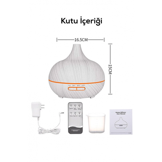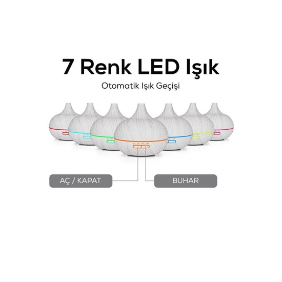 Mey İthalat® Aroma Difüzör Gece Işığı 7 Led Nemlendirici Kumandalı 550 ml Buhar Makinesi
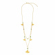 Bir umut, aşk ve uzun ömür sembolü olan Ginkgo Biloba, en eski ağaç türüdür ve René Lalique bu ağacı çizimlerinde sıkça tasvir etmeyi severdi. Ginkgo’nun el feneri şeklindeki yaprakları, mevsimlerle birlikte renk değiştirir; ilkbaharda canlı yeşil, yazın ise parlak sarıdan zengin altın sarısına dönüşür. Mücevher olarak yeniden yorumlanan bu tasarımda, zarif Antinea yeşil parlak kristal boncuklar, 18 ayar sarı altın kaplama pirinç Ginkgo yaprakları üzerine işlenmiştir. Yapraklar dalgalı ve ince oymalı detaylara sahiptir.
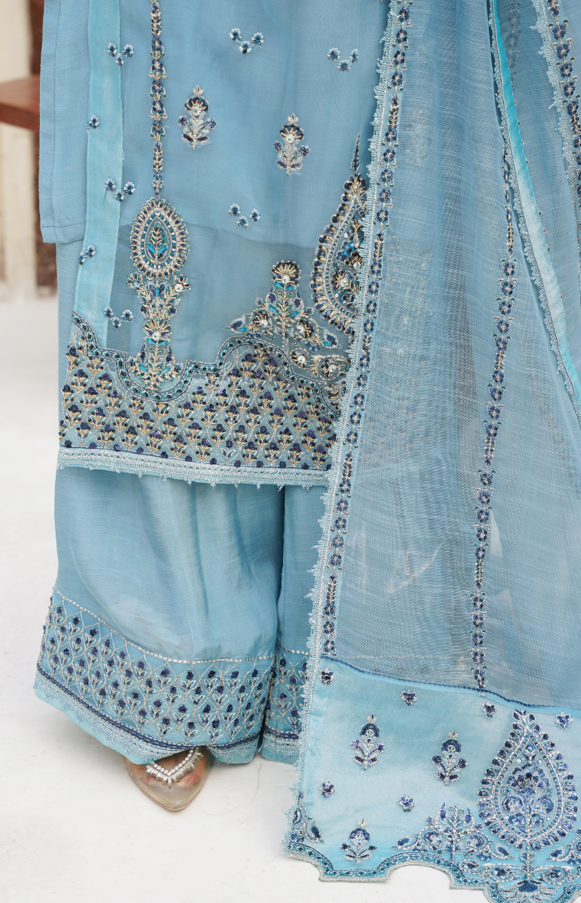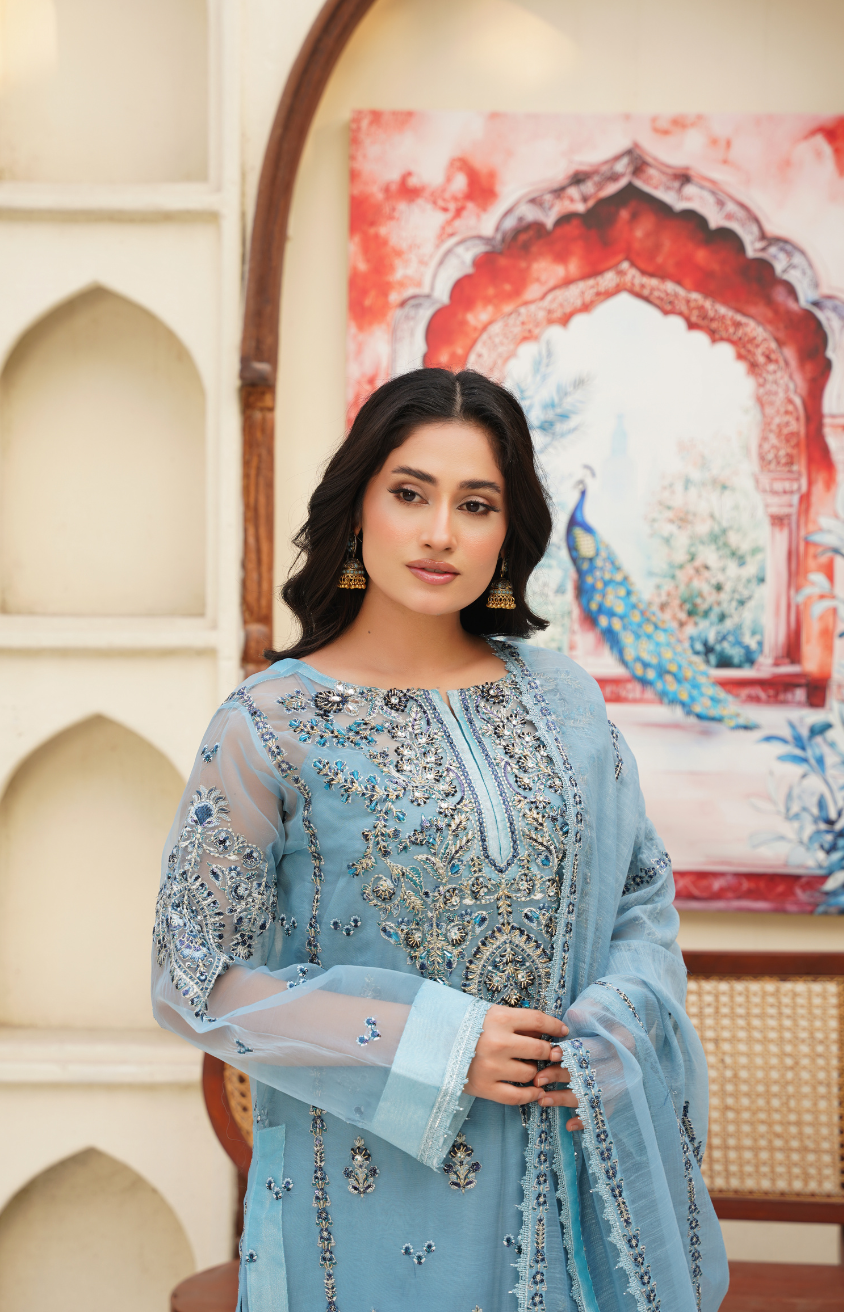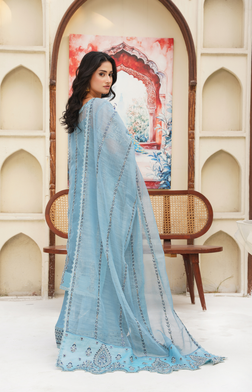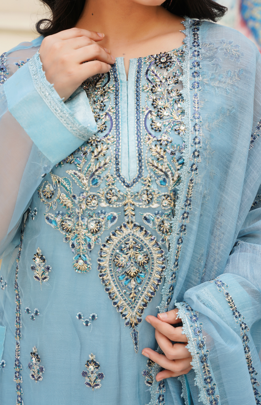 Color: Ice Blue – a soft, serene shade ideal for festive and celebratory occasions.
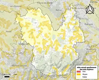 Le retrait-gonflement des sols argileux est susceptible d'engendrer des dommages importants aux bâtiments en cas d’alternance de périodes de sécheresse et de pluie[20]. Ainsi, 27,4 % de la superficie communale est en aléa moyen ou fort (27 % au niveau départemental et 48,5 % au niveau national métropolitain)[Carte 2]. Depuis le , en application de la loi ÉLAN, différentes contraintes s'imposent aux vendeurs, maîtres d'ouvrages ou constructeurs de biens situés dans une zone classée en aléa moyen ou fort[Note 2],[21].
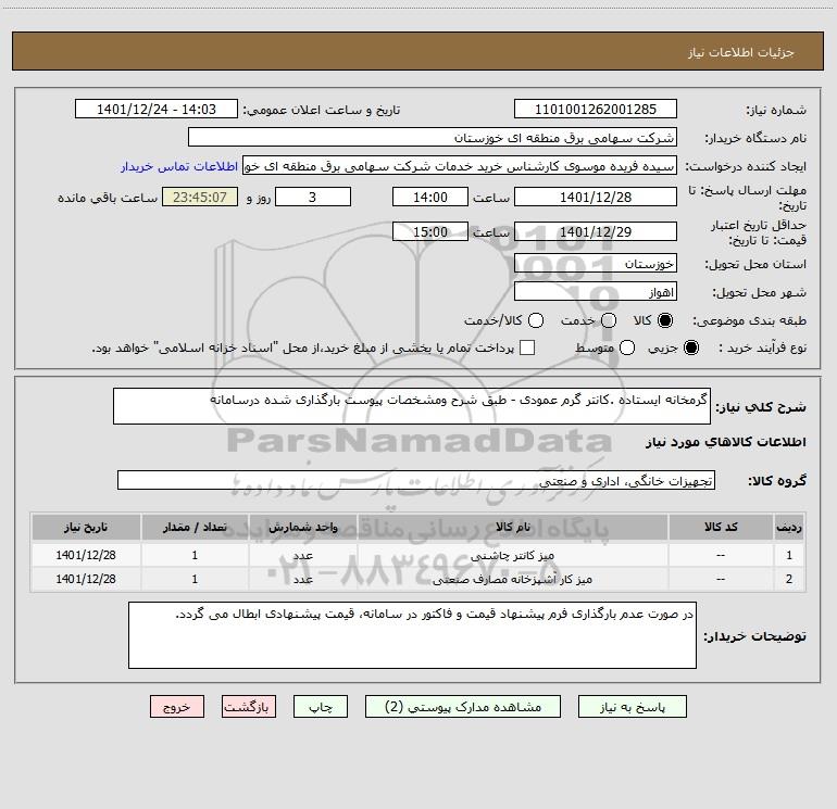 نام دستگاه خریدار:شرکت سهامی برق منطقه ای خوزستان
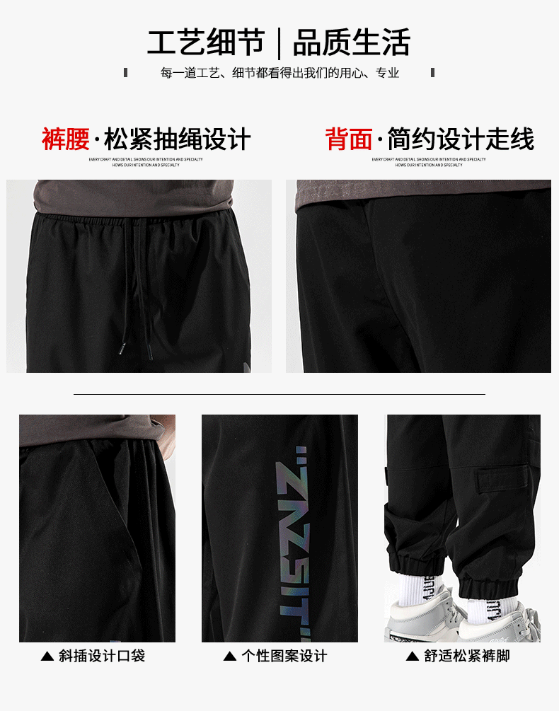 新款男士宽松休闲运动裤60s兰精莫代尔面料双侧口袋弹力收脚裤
- - - -
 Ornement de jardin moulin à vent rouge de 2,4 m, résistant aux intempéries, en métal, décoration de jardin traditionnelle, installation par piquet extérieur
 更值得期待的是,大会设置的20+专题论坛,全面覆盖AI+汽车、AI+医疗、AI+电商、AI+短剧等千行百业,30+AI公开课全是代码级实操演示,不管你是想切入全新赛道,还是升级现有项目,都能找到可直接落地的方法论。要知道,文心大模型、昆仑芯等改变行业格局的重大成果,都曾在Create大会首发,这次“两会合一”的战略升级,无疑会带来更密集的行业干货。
- - - -
| TASK BRIEF |
Using the entries above, return exactly the lines from the line with "Ornement de jardin" to the line with "更值得期待的是,大会设置的2", counting both of those lines.

| EXPECTED OUTPUT |
 Ornement de jardin moulin à vent rouge de 2,4 m, résistant aux intempéries, en métal, décoration de jardin traditionnelle, installation par piquet extérieur
 更值得期待的是,大会设置的20+专题论坛,全面覆盖AI+汽车、AI+医疗、AI+电商、AI+短剧等千行百业,30+AI公开课全是代码级实操演示,不管你是想切入全新赛道,还是升级现有项目,都能找到可直接落地的方法论。要知道,文心大模型、昆仑芯等改变行业格局的重大成果,都曾在Create大会首发,这次“两会合一”的战略升级,无疑会带来更密集的行业干货。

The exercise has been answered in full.